Título: Salários são fonte de pressão
Autor: Lu Aiko Otta
Fonte: O Estado de São Paulo, 26/04/2006, Economia & Negócios, p. B1

O resultado primário do governo central em março mostrou substancial melhora em relação a janeiro e fevereiro, mas não eliminou a preocupação dos analistas quanto à política fiscal no último ano do mandato presidente de Luiz Inácio Lula da Silva. Mesmo com o desempenho mais forte em março, o superávit primário acumulado pelo governo central no primeiro trimestre caiu para 3,06% do PIB, comparado com 3,89% no mesmo período de 2005.

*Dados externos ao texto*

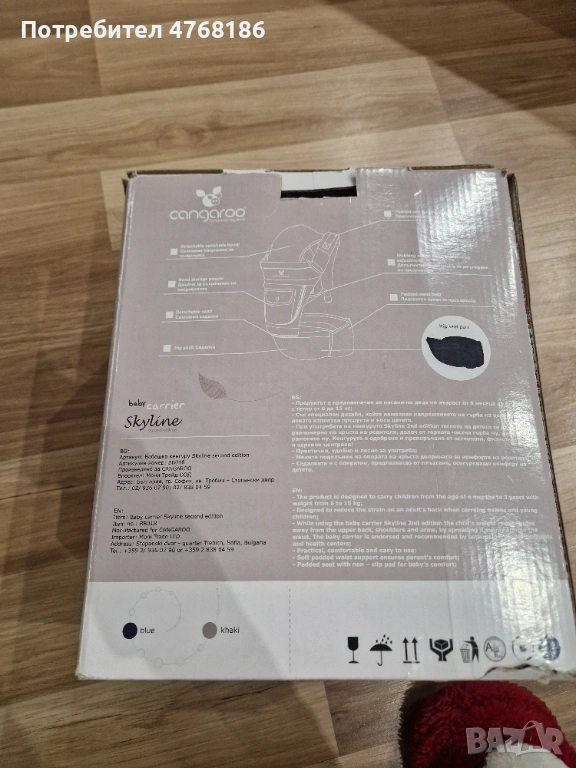 Чисто нова, само изпробвана, без забележки. Много удобна и практична, с ергономичен дизайн, който осигурява правилна позиция на бебето. Регулируеми презрамки за по-голям комфорт на родителя.
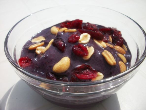 Priprema sladoleda je jednostavna. Stavite sve sastojke u mikser (osim kikirikija i brusnica) i izmiksajte ih 30-ak sekundi. Stavite sladoled u zdjelicu ili čašu, pospite ga kikirikijem i brusnicama i uživajte!
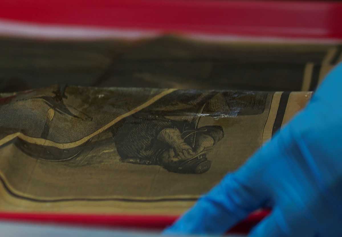 Το χαρακτηριστικότερο αντικείμενο ήταν το σχέδιο μιας γυναίκας, γονατισμένης μπροστά στο φέρετρο του προέδρου Αβραάμ Λίνκολν, ο οποίος δολοφονήθηκε στις 14 Απριλίου 1865. Το σκίτσο αυτό είχε δημοσιευτεί στο περιοδικό Harper’s Weekly δύο εβδομάδες αργότερα.

"Março foi, sem dúvida, melhor do que o início do ano, mas o resultado ainda mostra aumentos de gastos que terão impacto no resto de 2006", disse o economista Fábio Giambiagi, do Instituto de Pesquisa Econômica Aplicada (Ipea), especialista em contas públicas.

Ele notou, por exemplo, que depois de recuar em 2003, e crescer pouco em 2004 e 2005, as despesas de pessoal subiram 8,6% em termos reais no primeiro trimestre de 2006, comparado com igual período de 2005, atingindo R$ 26,7 bilhões. Giambiagi acha que este aumento talvez derive de reajustes reais para diversas categorias, para repor perdas passadas para a inflação. As despesas de custeio e capital (investimento), por outro lado, aumentaram 10,4% em termos reais no primeiro trimestre de 2006, ficando em R$ 25,7 bilhões.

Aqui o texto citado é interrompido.